On the interaction of caffeine with nucleic acids. III. 1H NMR studies of caffeine--5'-adenosine monophosphate and caffeine-poly(riboadenylate) interactions.

1) The self-association of both caffeine (Cf) and 5'-adenosine monophosphate (AMP) in aqueous solution has been reinvestigated by 1H NMR. The self-association process is characterized by an isodesmic model. The apparent self-association constants of the vertical stacking process are KCf = (10.6 +/- 1.0) M-1 and KAMP = (1.67 +/- 0.17) M-1. The arrangement of the monomeric units in the stacked aggregates is discussed in terms of isoshielding curves theoretically calculated by Giessner-Prettre and Pullman.

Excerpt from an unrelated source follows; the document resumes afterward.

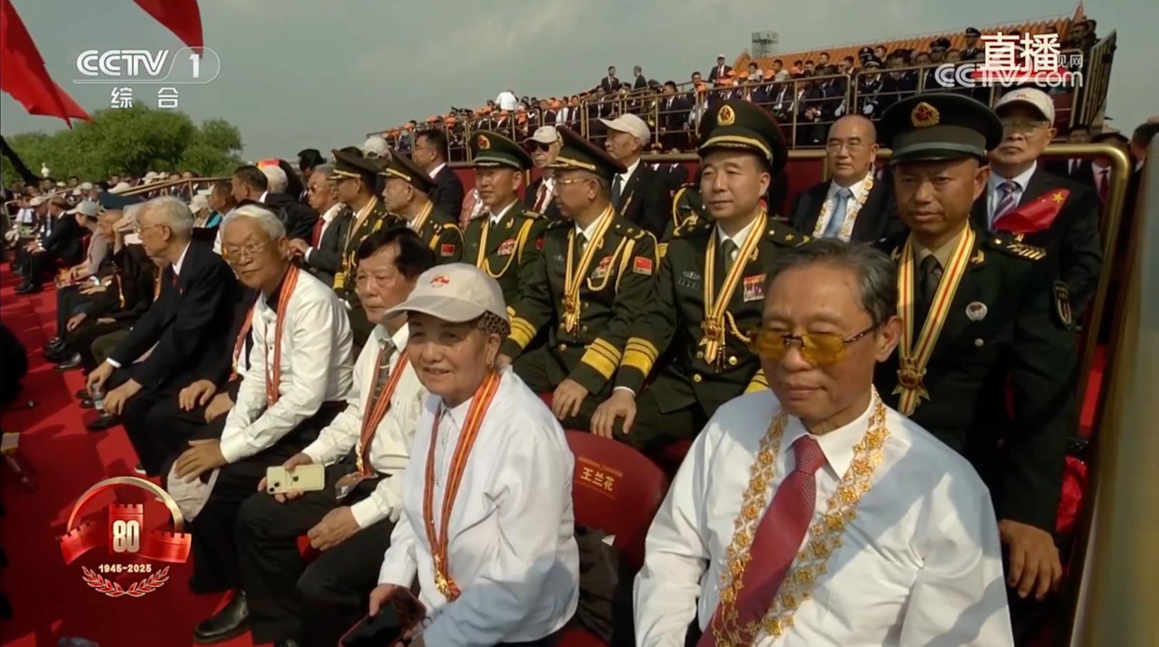 9月3日上午,紀念中國人民抗日戰爭暨世界反法西斯戰爭勝利80周年大會在北京天安門廣場隆重舉行。極目新聞記者在現場直播畫面中看到,鐘南山院士佩戴“共和國勛章”在現場觀禮。

Models are proposed which are consistent with these and further previous NMR data. 2) The interaction of Cf and AMP has been studied by 1H NMR. The apparent association constant of the complex Cf-AMP is KC-A = (7.3 +/- 1.2) M-1. Two models of the mutual arrangement of AMP and Cf in the complex are proposed on the basis of the calculated isoshielding curves considering both ring current and local atomic diamagnetic anisotropy effects. 3) The interaction of Cf and poly(riboadenylate), (rA)n, is indicated by a downfield shift of the H-8 line but an upfield shifts of the H-2 line in the 1H NMR spectra of (rA)n. The concentration dependence of the 1H NMR shifts of both Cf and (rA)n can be explained by the existence of two binding mechanisms. We suggest (i) partial insertion of Cf between adjacent base residues of ordered single-stranded regions of (rA)n and (ii) outside binding of Cf in form of monomeric Cf as well as of self-associated aggregates. The complex geometry of insertion proposed on the basis of the calculated isoshielding curves is characterized by a stronger overlapping of the Cf ring and the H-2 proton of (rA)n as compared to the H-8 proton.